### EXERCISE REQUIREMENTS
In duplicating the lines below, keep every word unchanged and drop the pictures.

═══ INFORMATION SUPPLIED

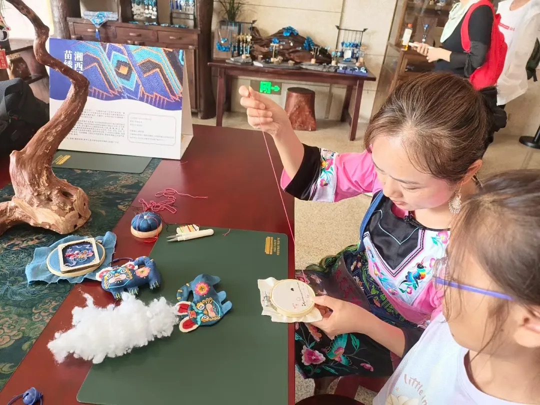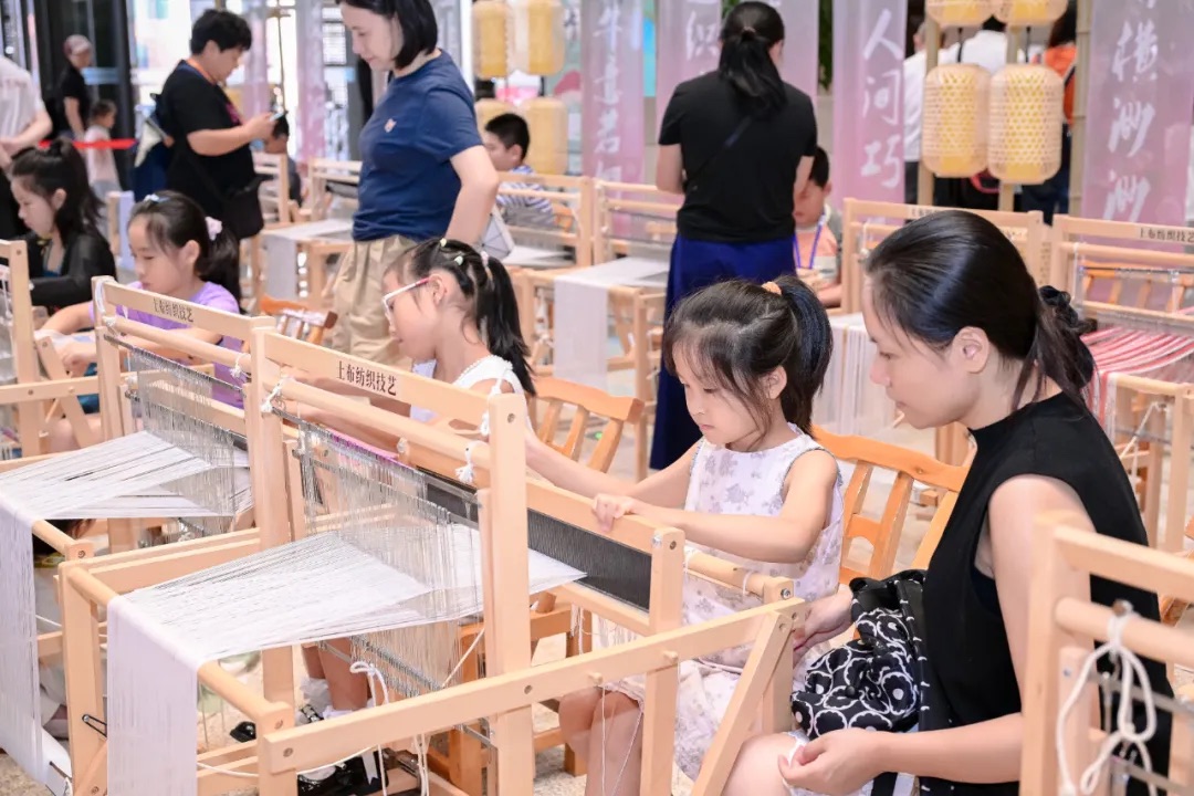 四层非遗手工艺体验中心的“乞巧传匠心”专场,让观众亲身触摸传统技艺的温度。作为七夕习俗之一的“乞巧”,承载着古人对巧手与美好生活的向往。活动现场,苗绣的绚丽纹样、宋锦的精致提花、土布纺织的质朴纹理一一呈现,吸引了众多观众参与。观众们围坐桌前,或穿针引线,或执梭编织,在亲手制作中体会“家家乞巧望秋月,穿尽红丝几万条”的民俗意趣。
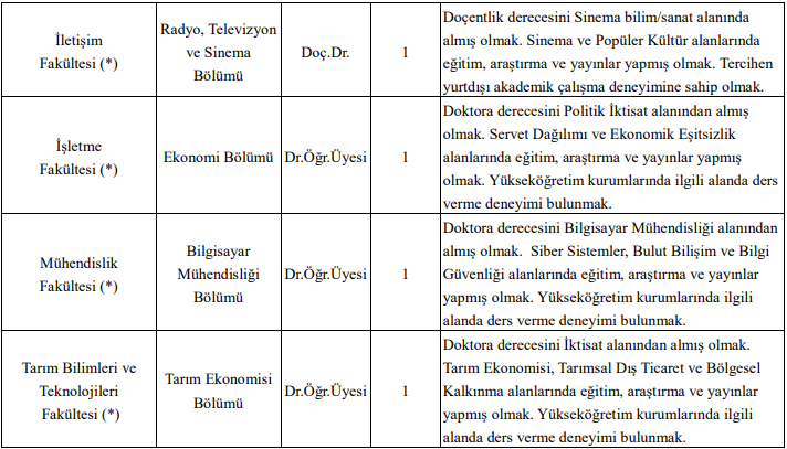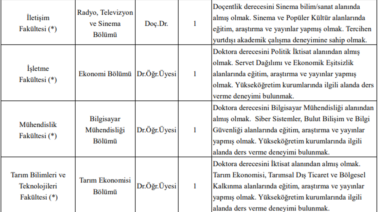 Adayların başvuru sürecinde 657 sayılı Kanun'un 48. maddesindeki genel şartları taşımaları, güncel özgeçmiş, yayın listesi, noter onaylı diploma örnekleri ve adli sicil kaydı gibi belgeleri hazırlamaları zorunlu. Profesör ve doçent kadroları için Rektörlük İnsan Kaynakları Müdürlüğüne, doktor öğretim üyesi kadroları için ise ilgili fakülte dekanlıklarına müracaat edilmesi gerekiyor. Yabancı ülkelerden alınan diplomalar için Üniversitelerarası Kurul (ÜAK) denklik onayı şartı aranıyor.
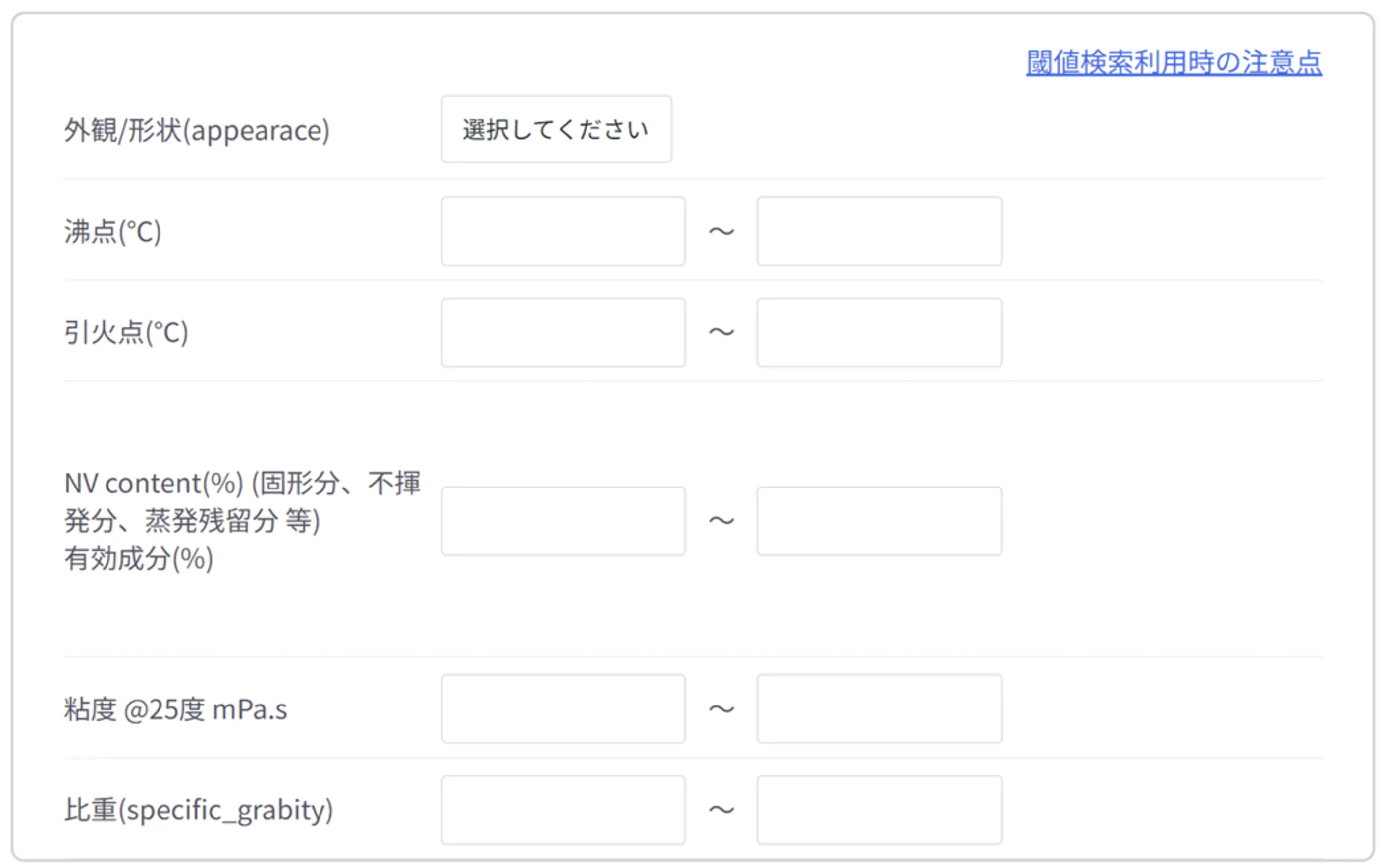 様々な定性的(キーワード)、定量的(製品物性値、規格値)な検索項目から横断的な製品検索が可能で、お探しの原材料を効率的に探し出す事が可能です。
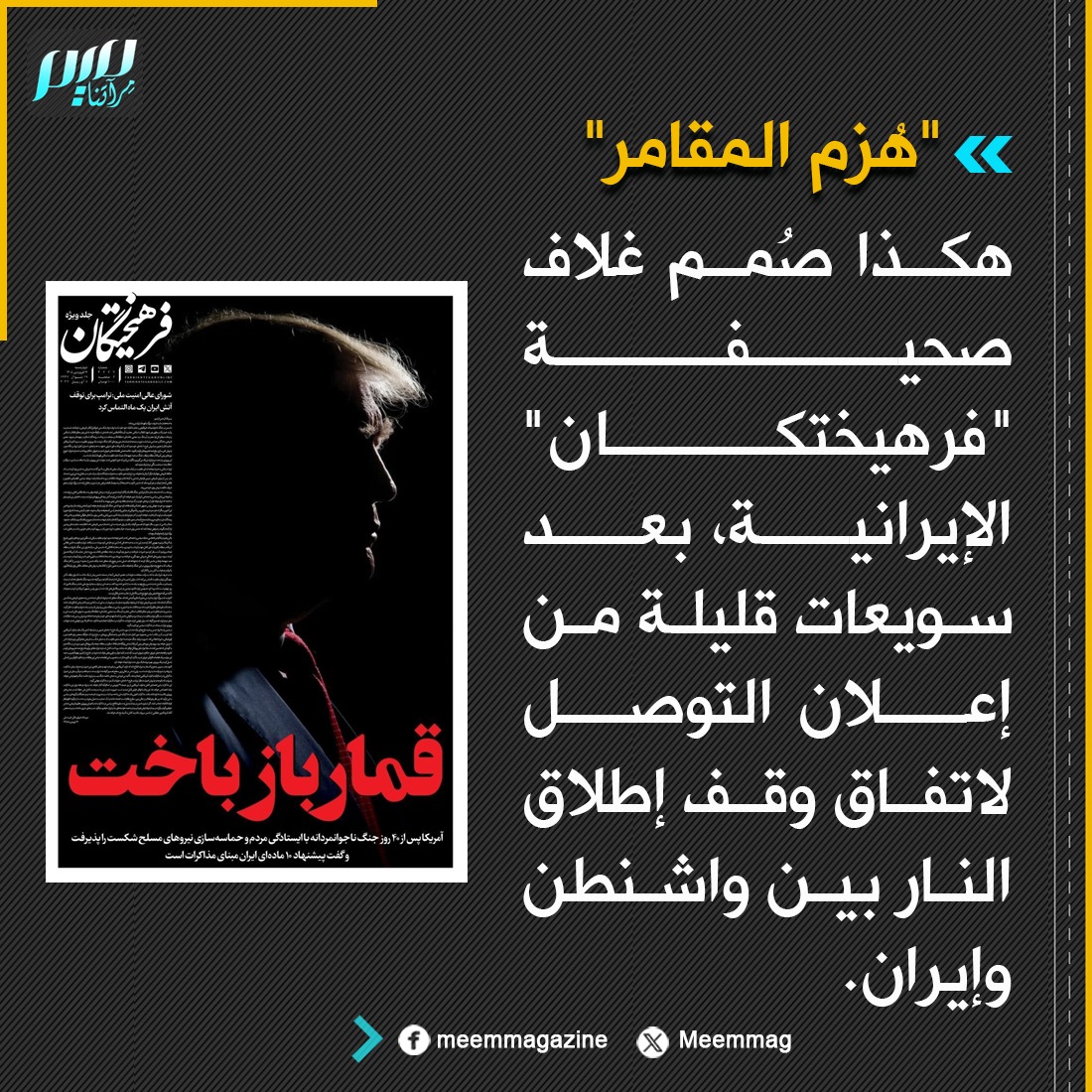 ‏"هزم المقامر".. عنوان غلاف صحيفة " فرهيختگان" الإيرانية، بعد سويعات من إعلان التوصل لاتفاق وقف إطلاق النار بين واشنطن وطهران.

══════

### REPLY
 四层非遗手工艺体验中心的“乞巧传匠心”专场,让观众亲身触摸传统技艺的温度。作为七夕习俗之一的“乞巧”,承载着古人对巧手与美好生活的向往。活动现场,苗绣的绚丽纹样、宋锦的精致提花、土布纺织的质朴纹理一一呈现,吸引了众多观众参与。观众们围坐桌前,或穿针引线,或执梭编织,在亲手制作中体会“家家乞巧望秋月,穿尽红丝几万条”的民俗意趣。
 Adayların başvuru sürecinde 657 sayılı Kanun'un 48. maddesindeki genel şartları taşımaları, güncel özgeçmiş, yayın listesi, noter onaylı diploma örnekleri ve adli sicil kaydı gibi belgeleri hazırlamaları zorunlu. Profesör ve doçent kadroları için Rektörlük İnsan Kaynakları Müdürlüğüne, doktor öğretim üyesi kadroları için ise ilgili fakülte dekanlıklarına müracaat edilmesi gerekiyor. Yabancı ülkelerden alınan diplomalar için Üniversitelerarası Kurul (ÜAK) denklik onayı şartı aranıyor.
 様々な定性的(キーワード)、定量的(製品物性値、規格値)な検索項目から横断的な製品検索が可能で、お探しの原材料を効率的に探し出す事が可能です。
 ‏"هزم المقامر".. عنوان غلاف صحيفة " فرهيختگان" الإيرانية، بعد سويعات من إعلان التوصل لاتفاق وقف إطلاق النار بين واشنطن وطهران.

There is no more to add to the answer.